> **Problem to work on**
Below are records; the lines starting at the one with "Batı yüzünden Hodgkin-Peck e geçiş yeri." and ending at the one with "ପ୍ରଦର୍ଶନୀ ମ୍ୟାଚରେ ଭାଗ" must be reproduced exactly, both included. Pictures must not appear.
########################################
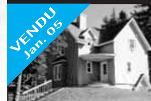
Domaine des Patriarches

VENDU Jan. 05 Spacieuse, ensoleillée, beau point de vue sur les montagnes, belle construction. 217 900 $
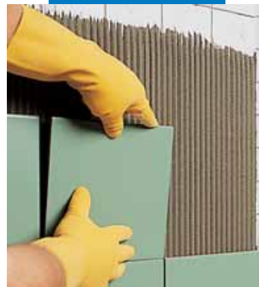
Нанесение поверх старой плитки
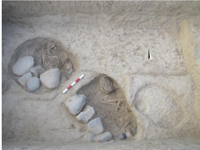
تصویر ۳: گورهای شماره ۲ و ۳ در ترانشه I
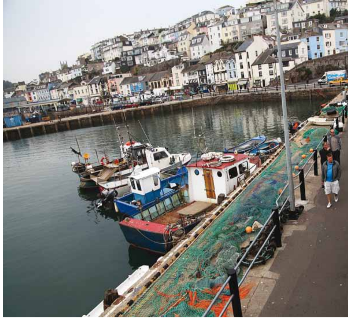
Vaade Brixhami sadama vaateplatvormilt sadamale ja linnale.

Teise päeva lõpuks jõudisime juba pimedas Inglismaa läänerrannikul asuvasse Newquaysse. Hommikul vara linna avasime minnes külastasime ligi 140-aastast Newquay sadamat, kus tegeleti nii kala-, krabi- kui ka vähipüügiga. Sadam asus linna keskmest eemal, kuid ko-
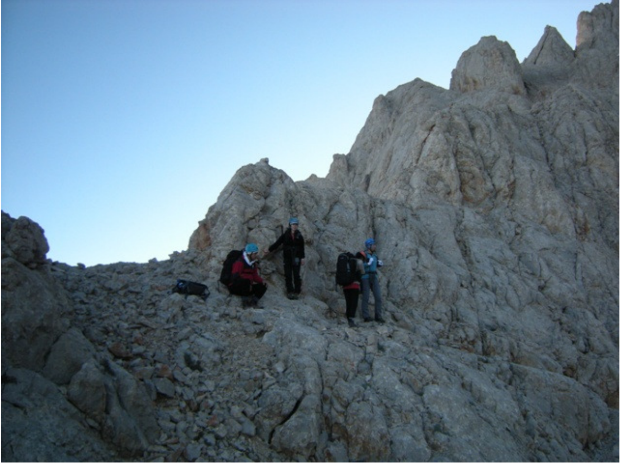
Batı yüzünden Hodgkin-Peck e geçiş yeri.
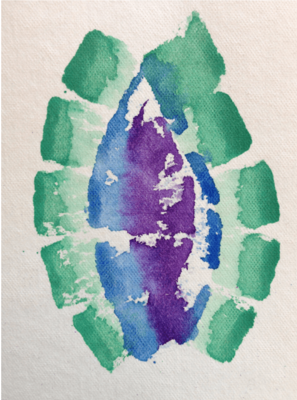
Aquarell (c) Annette C. Eckert

OK, wer weiß, wann es die nächste Krise gibt, die all die feministischen Theorien aufs deutlichste bestätigt. Deshalb noch einmal ganz von vorne und so einfach formuliert, wie es jede Frau aus der alltäglichen Praxis kennt. Ach so, Frau meint hier übrigens alle, die eben genau für das, was jetzt beschrieben wird, zuständig sind: ob bezahlt oder unbezahlt, freiwillig oder gezwungener Maßen, und unabhängig von ihrer sexuellen
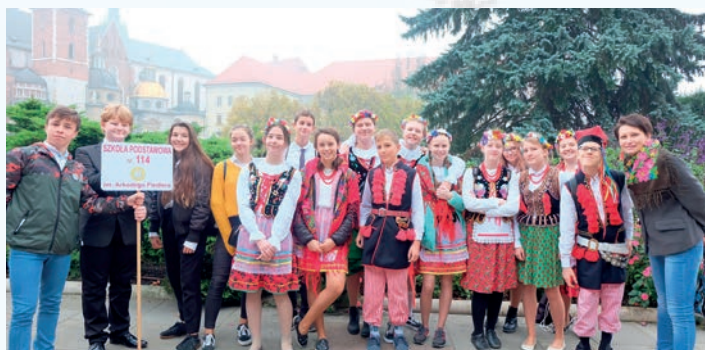
Uczniowie Szkoły Podstawowej nr 114 podczas widowiska Duma i Radości
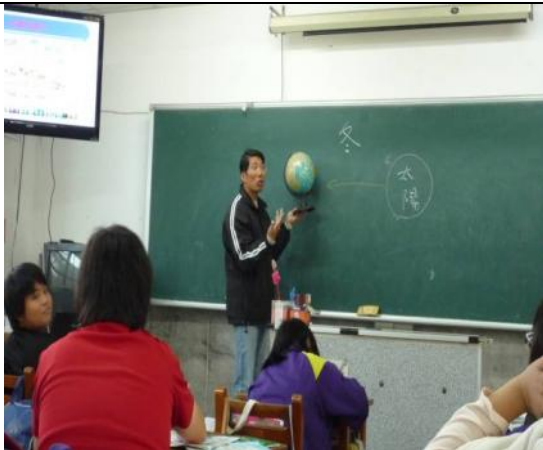
以地球儀說明冬至節令
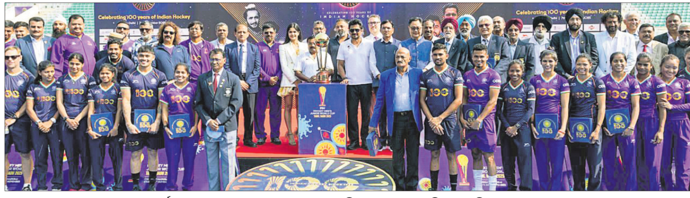
ପ୍ରଦର୍ଶନୀ ମ୍ୟାଚରେ ଭାଗ ନେଇଥିବା ଭାରତୀୟ ମହିଳା ଓ ପୁରୁଷ ଖେଳାଳିମାନେ ଅତିଥିଙ୍କୁ ଗୃହଣରେ।
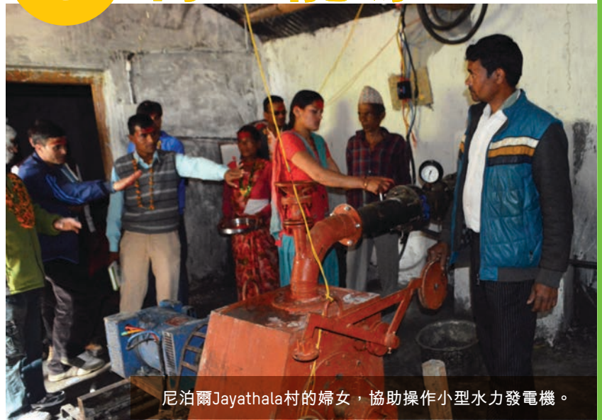
尼泊爾Jayathala村的婦女，協助操作小型水力發電機。

再生能源不單大大改善村民的生活，更為他們開闢新的發展機遇。現在，小農可輕鬆獲得灌溉用水，灌溉更多農田，提高收成。整個項目由當地婦女主導，她們積極參與項目管理、系統操作和保養，並向其他農戶解釋有關計劃。有了電力，婦女不用每日花數小時上山砍柴，她們使用電飯煲煮飯，將時間用於發展生計、照顧子女和參與社區發展。兒童也不用摸黑溫書了。
########################################
> **Output for this exercise**
Batı yüzünden Hodgkin-Peck e geçiş yeri.
Aquarell (c) Annette C. Eckert

OK, wer weiß, wann es die nächste Krise gibt, die all die feministischen Theorien aufs deutlichste bestätigt. Deshalb noch einmal ganz von vorne und so einfach formuliert, wie es jede Frau aus der alltäglichen Praxis kennt. Ach so, Frau meint hier übrigens alle, die eben genau für das, was jetzt beschrieben wird, zuständig sind: ob bezahlt oder unbezahlt, freiwillig oder gezwungener Maßen, und unabhängig von ihrer sexuellen
Uczniowie Szkoły Podstawowej nr 114 podczas widowiska Duma i Radości
以地球儀說明冬至節令
ପ୍ରଦର୍ଶନୀ ମ୍ୟାଚରେ ଭାଗ ନେଇଥିବା ଭାରତୀୟ ମହିଳା ଓ ପୁରୁଷ ଖେଳାଳିମାନେ ଅତିଥିଙ୍କୁ ଗୃହଣରେ।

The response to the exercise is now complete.